• _ACTIVITY_: Exact copy, pictures excluded: write out every line below.

:: SUPPLIED MATERIAL

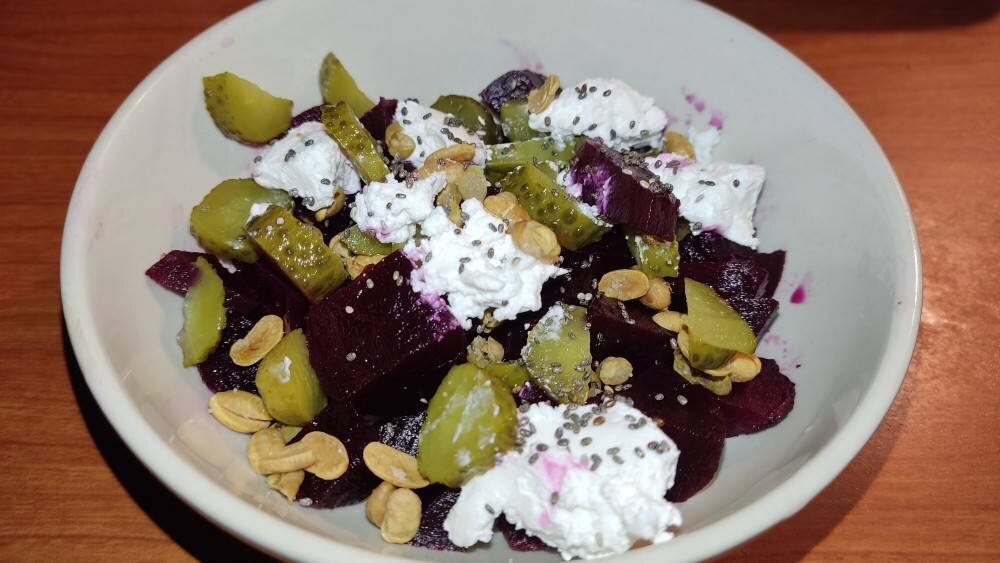 Салат вкусный, необычный. Сделала на пробу из того, что было. Понравилось! Надеюсь и вам придется по вкусу! Ингредиенты: Свекла отварная средняя, Маринованный огурчик, Яблоко зелёное, Соя жареная с солью, Сыр для греческого салата, Семена чиа Способ приготовления: Отварить свеклу, остудить и порезать кубиками. Добавить жаренную сою. Покупала в Ашане в разделе орехи. Порезать кусочками огурчик, яблоко. Добавить в салат. Украсить сыром, чиа. Солить не нужно, так как огурцы и сыр соленый. Заправку я не делала, но при желании можно сбрызнуть оливковым маслом. Приятного аппетита!
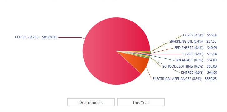 The second button on the right-hand side is used to toggle the period of time that is conveyed in the Pie Chart (e.g. Financial Year, This Year, Today or individual months).
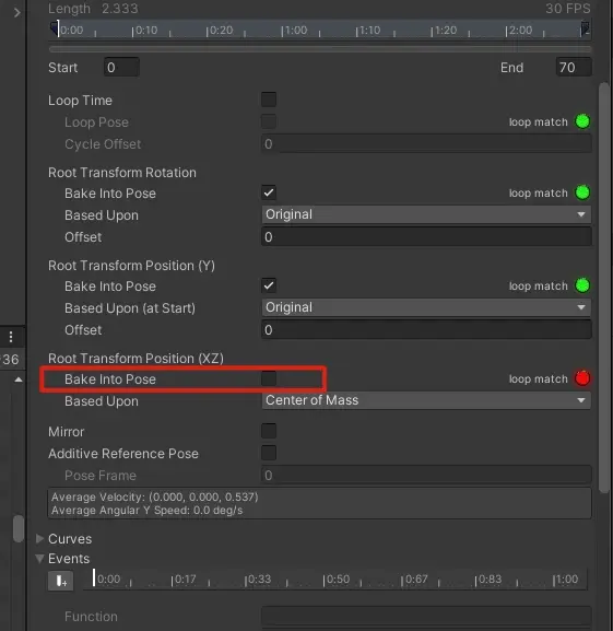 Q:請教一個問題:有個Attack動畫,它會在XZ軸方向上產生位移,我只想讓它在原地播放Attack,已經在Inspect面板對動畫禁用了XZ軸的位移,如下圖:
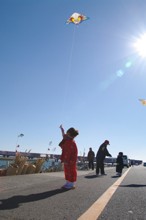 / 人,川,橋,子供,空,車,旗,植物,帽子,犬,手袋,凧,太陽
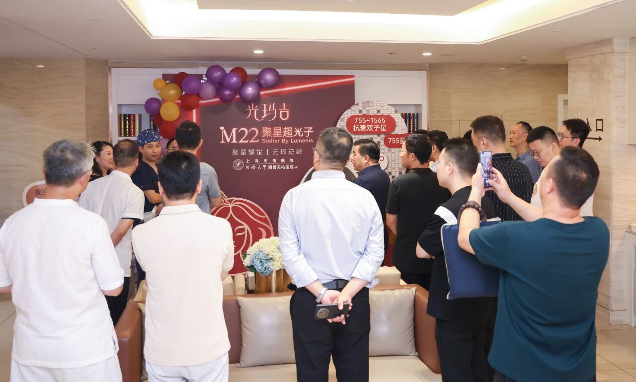 在醫(yī)療美容科,第八代M22 Stellar聚星超光子設備吸引了大家的關(guān)注。左進波博士介紹,該設備是科醫(yī)人新一代醫(yī)美專用設備,從2024年12月上市至今,上海地區(qū)僅有8臺,天佑醫(yī)院是其中之一,普陀區(qū)還是第一臺。該設備正式啟用,標志著醫(yī)美在光電治療領(lǐng)域邁入光子抗衰新階段。
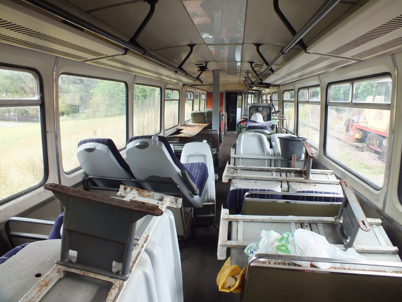 Preservation Information A lack of resources prevented any restoration work on 140001, which never entered preservation service, in the early 2000's being moved to the extremety of the line, the Dufftown headshunt, and made accessible on a static basis. The track leading to the vehicles was later disconnected. Other than occasional cleaning, the set continued its static role but was steadily deteriorating in condition. In March 2011, the area 140001 was stored in was required for redevelopment, and the set was recconnected to the rest of the world and moved the short distance into the main platform at Dufftown. This triggered renewed interest in it and the set was immediately heavily cleaned externally to improve its appearance in its new location. In 2012, a group of Keith & Dufftown Railway volunteers undertook some conservation/investigation work on 140001. Using a compressor the doors were sucessfully tested and the lighting on the set was also found to be operational. The engines were also started, 55500's being in good condition however 55501's had issues, so some spare parts were obtained to make a future revival practical. However the expertese to undertake the repair itself was not present at the time so mechanical revival of the set was stopped at that point. In May 2014, the cab end of 55501 was prepped and resprayed yellow, with the bodysides repainted during August 2015, in an effort to protect the exterior and further improve 140001's appearance, which had become poor up to that point. Despite the good progress, the restoration work sadly stalled shortly afterwards and 140001 was returned to storage in the sidings at Dufftown and proceeded to slowly deteriorate again. By 2025, work to restore the failed engine was progressing again, but steadily. The engine on the other vehicle (still fitted) remained in an operational state. |
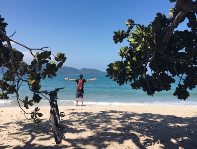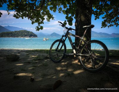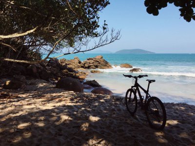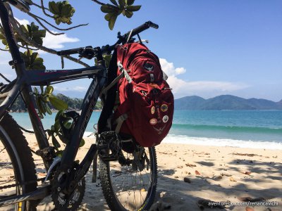 Mountain Bike da Praia da Lagoinha até a Praia da Caçandoca em Ubatuba-SP para avaliação da Mochila Manta 28 da Osprey.
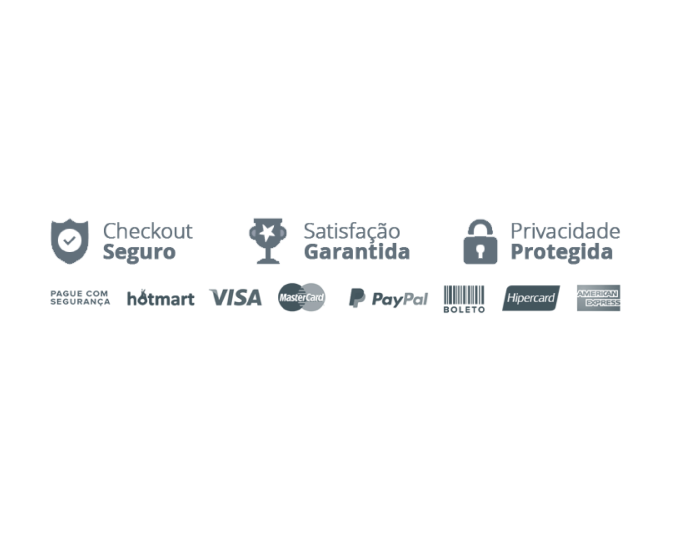 O pagamento é realizado através da Hotmart. Maior e mais segura plataforma de pagamentos do Brasil. Seus dados são protegidos e sua compra é 100% segura.
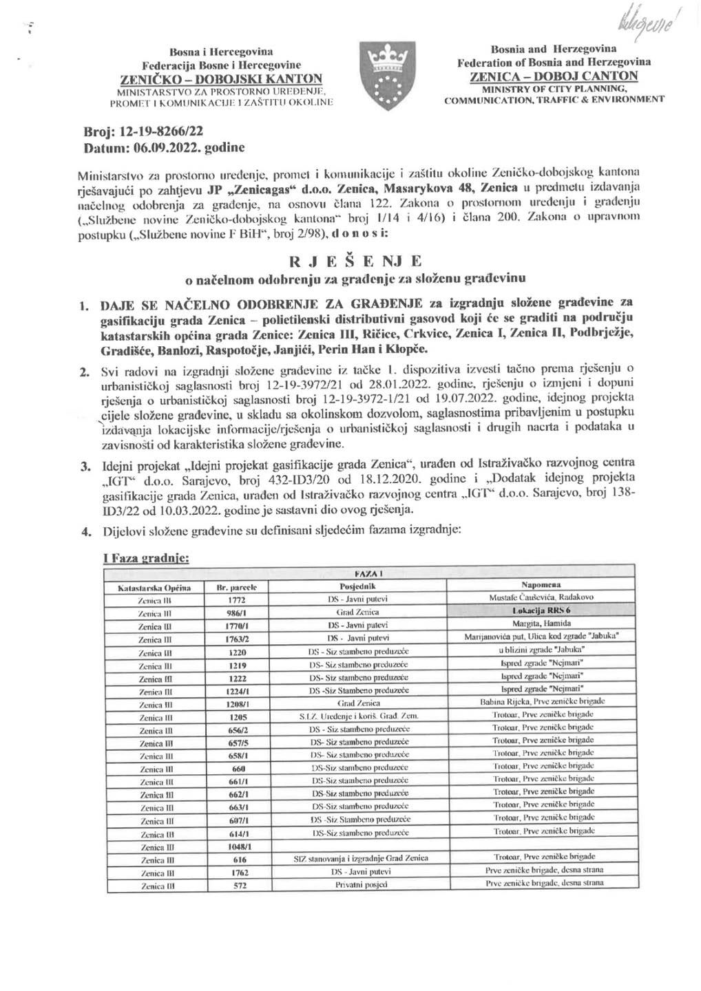 Ministarstvo za prostorno uređenje, promet i komunikacije i zaštitu okoline Zeničko-dobojskog kantona izdalo je načelno odobrenje za izgradnju složene građevine za gasifikaciju Grada Zenica.
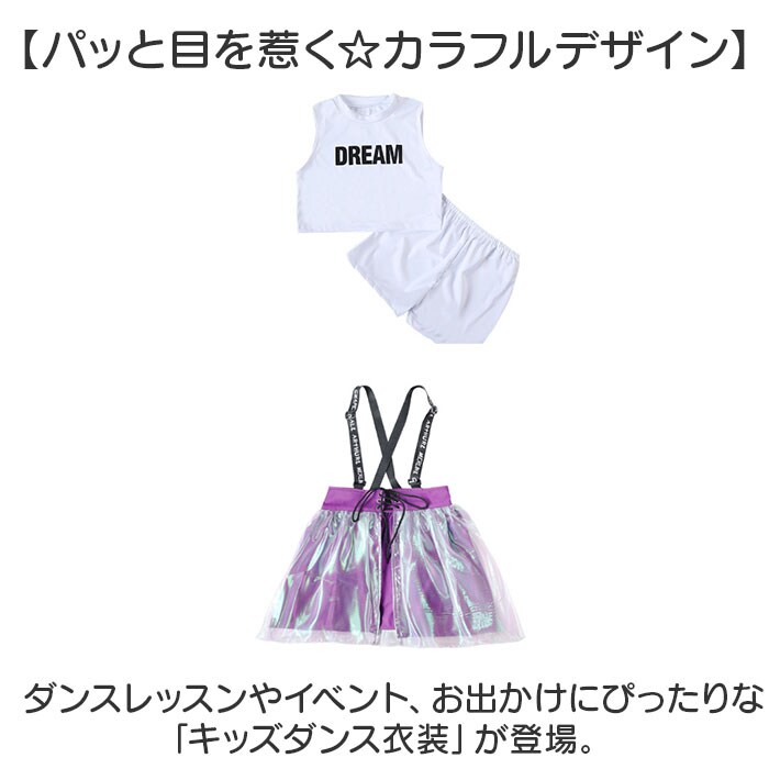| 商品説明 | 【パッと目を惹く☆カラフルデザイン】ダンスレッスンやイベント、お出かけにぴったりな「キッズダンス衣装」が登場。【キュートなデザインがたまらない!】透け感のあるオーロラカラーの生地をふんわり重ねたスカートがかわいいカラフルなセット☆【スカートはサイズ調節OK】ウエストの紐とサスペンダーでサイズ調節OK!【コーデに迷わない!3点セット】トップス、パンツ、スカートの3点セット☆これを着るだけで全身キマる!【動きやすく機能性も◎】程よく伸縮性があり、体にフィットしするのでダンスの動きを邪魔せずストレスフリー。【選べるカラー&サイズ】幅広いサイズが揃っているので、チームや姉妹でお揃いにしてもかわいい! |
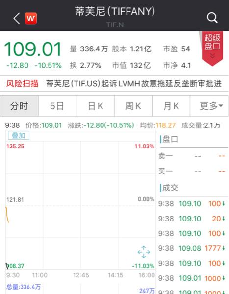 原标题:《千亿收购要黄?蒂芙尼怒告全球奢饰品老大,开盘大跌10%!》
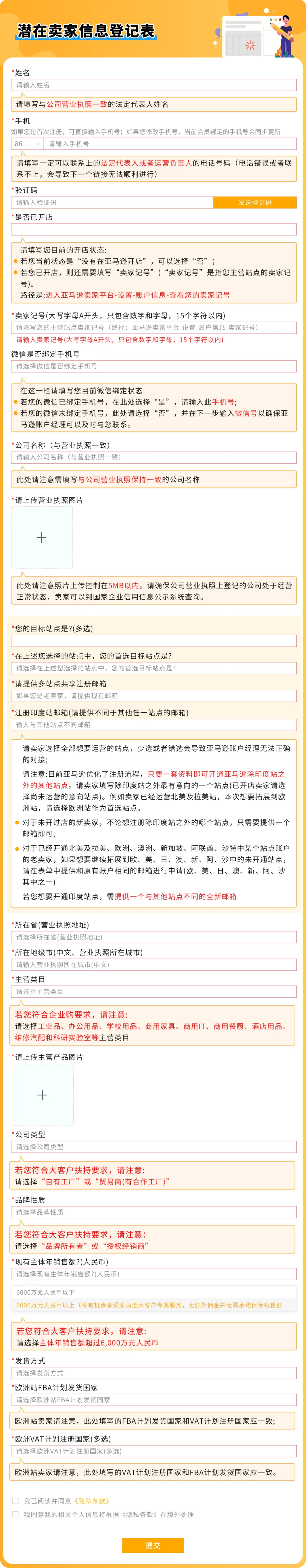 《潜在卖家信息登记表》是为了在后期为您匹配相应的账户经理,使您获得官方的精准支持与帮助扶持,因此,登记表中各项信息的准确填写至关重要。比如,信息表中的邮箱必须与正式注册时填写的邮箱一致。为了保障后续店铺的顺利注册,请您务必确保每项信息的规范填写。
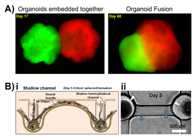A similar neurospehere network produced by Jeong et al.136 to study signal transmission through the CNSas a result of the partial breakdown in this system seen in Alzheimer’s disease. Shallow (70µm) and deep (300µm) hemicylindrical channel networks between concave wells seeded with neural progenitor cells formed a self-aggregating network, Figure 2B. During this formation the cells differentiated into neuronal and glia cells that secreted laminin and formed an extracellular matrix (ECM) around the spheroids. Axonal signalling was recorded being transmitted between the spheroids, detected by Ca2+ flux imaging.136 Further models are summarised and reviewed in.137,138
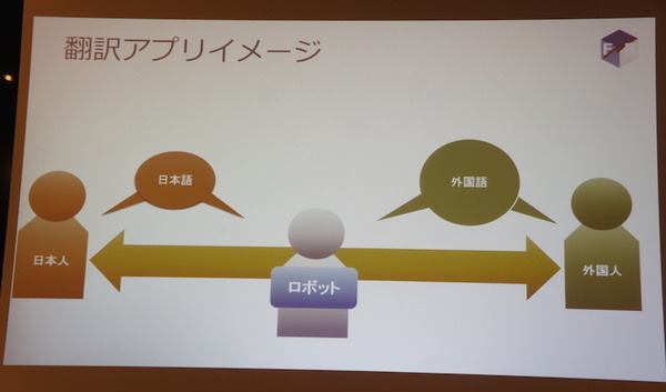 ここから翻訳アプリの紹介です。イメージは、日本人と外国人の間にロボットが立ちます。各々が母国語でロボットに話しかける形です。

::::

• _TASK OUTPUT_:
 Салат вкусный, необычный. Сделала на пробу из того, что было. Понравилось! Надеюсь и вам придется по вкусу! Ингредиенты: Свекла отварная средняя, Маринованный огурчик, Яблоко зелёное, Соя жареная с солью, Сыр для греческого салата, Семена чиа Способ приготовления: Отварить свеклу, остудить и порезать кубиками. Добавить жаренную сою. Покупала в Ашане в разделе орехи. Порезать кусочками огурчик, яблоко. Добавить в салат. Украсить сыром, чиа. Солить не нужно, так как огурцы и сыр соленый. Заправку я не делала, но при желании можно сбрызнуть оливковым маслом. Приятного аппетита!
 The second button on the right-hand side is used to toggle the period of time that is conveyed in the Pie Chart (e.g. Financial Year, This Year, Today or individual months).
 Q:請教一個問題:有個Attack動畫,它會在XZ軸方向上產生位移,我只想讓它在原地播放Attack,已經在Inspect面板對動畫禁用了XZ軸的位移,如下圖:
 / 人,川,橋,子供,空,車,旗,植物,帽子,犬,手袋,凧,太陽
 在醫(yī)療美容科,第八代M22 Stellar聚星超光子設備吸引了大家的關(guān)注。左進波博士介紹,該設備是科醫(yī)人新一代醫(yī)美專用設備,從2024年12月上市至今,上海地區(qū)僅有8臺,天佑醫(yī)院是其中之一,普陀區(qū)還是第一臺。該設備正式啟用,標志著醫(yī)美在光電治療領(lǐng)域邁入光子抗衰新階段。
 Preservation Information A lack of resources prevented any restoration work on 140001, which never entered preservation service, in the early 2000's being moved to the extremety of the line, the Dufftown headshunt, and made accessible on a static basis. The track leading to the vehicles was later disconnected. Other than occasional cleaning, the set continued its static role but was steadily deteriorating in condition. In March 2011, the area 140001 was stored in was required for redevelopment, and the set was recconnected to the rest of the world and moved the short distance into the main platform at Dufftown. This triggered renewed interest in it and the set was immediately heavily cleaned externally to improve its appearance in its new location. In 2012, a group of Keith & Dufftown Railway volunteers undertook some conservation/investigation work on 140001. Using a compressor the doors were sucessfully tested and the lighting on the set was also found to be operational. The engines were also started, 55500's being in good condition however 55501's had issues, so some spare parts were obtained to make a future revival practical. However the expertese to undertake the repair itself was not present at the time so mechanical revival of the set was stopped at that point. In May 2014, the cab end of 55501 was prepped and resprayed yellow, with the bodysides repainted during August 2015, in an effort to protect the exterior and further improve 140001's appearance, which had become poor up to that point. Despite the good progress, the restoration work sadly stalled shortly afterwards and 140001 was returned to storage in the sidings at Dufftown and proceeded to slowly deteriorate again. By 2025, work to restore the failed engine was progressing again, but steadily. The engine on the other vehicle (still fitted) remained in an operational state. |
 Mountain Bike da Praia da Lagoinha até a Praia da Caçandoca em Ubatuba-SP para avaliação da Mochila Manta 28 da Osprey.
 O pagamento é realizado através da Hotmart. Maior e mais segura plataforma de pagamentos do Brasil. Seus dados são protegidos e sua compra é 100% segura.
 Ministarstvo za prostorno uređenje, promet i komunikacije i zaštitu okoline Zeničko-dobojskog kantona izdalo je načelno odobrenje za izgradnju složene građevine za gasifikaciju Grada Zenica.
| 商品説明 | 【パッと目を惹く☆カラフルデザイン】ダンスレッスンやイベント、お出かけにぴったりな「キッズダンス衣装」が登場。【キュートなデザインがたまらない!】透け感のあるオーロラカラーの生地をふんわり重ねたスカートがかわいいカラフルなセット☆【スカートはサイズ調節OK】ウエストの紐とサスペンダーでサイズ調節OK!【コーデに迷わない!3点セット】トップス、パンツ、スカートの3点セット☆これを着るだけで全身キマる!【動きやすく機能性も◎】程よく伸縮性があり、体にフィットしするのでダンスの動きを邪魔せずストレスフリー。【選べるカラー&サイズ】幅広いサイズが揃っているので、チームや姉妹でお揃いにしてもかわいい! |
 原标题:《千亿收购要黄?蒂芙尼怒告全球奢饰品老大,开盘大跌10%!》
 《潜在卖家信息登记表》是为了在后期为您匹配相应的账户经理,使您获得官方的精准支持与帮助扶持,因此,登记表中各项信息的准确填写至关重要。比如,信息表中的邮箱必须与正式注册时填写的邮箱一致。为了保障后续店铺的顺利注册,请您务必确保每项信息的规范填写。
A similar neurospehere network produced by Jeong et al.136 to study signal transmission through the CNSas a result of the partial breakdown in this system seen in Alzheimer’s disease. Shallow (70µm) and deep (300µm) hemicylindrical channel networks between concave wells seeded with neural progenitor cells formed a self-aggregating network, Figure 2B. During this formation the cells differentiated into neuronal and glia cells that secreted laminin and formed an extracellular matrix (ECM) around the spheroids. Axonal signalling was recorded being transmitted between the spheroids, detected by Ca2+ flux imaging.136 Further models are summarised and reviewed in.137,138
 ここから翻訳アプリの紹介です。イメージは、日本人と外国人の間にロボットが立ちます。各々が母国語でロボットに話しかける形です。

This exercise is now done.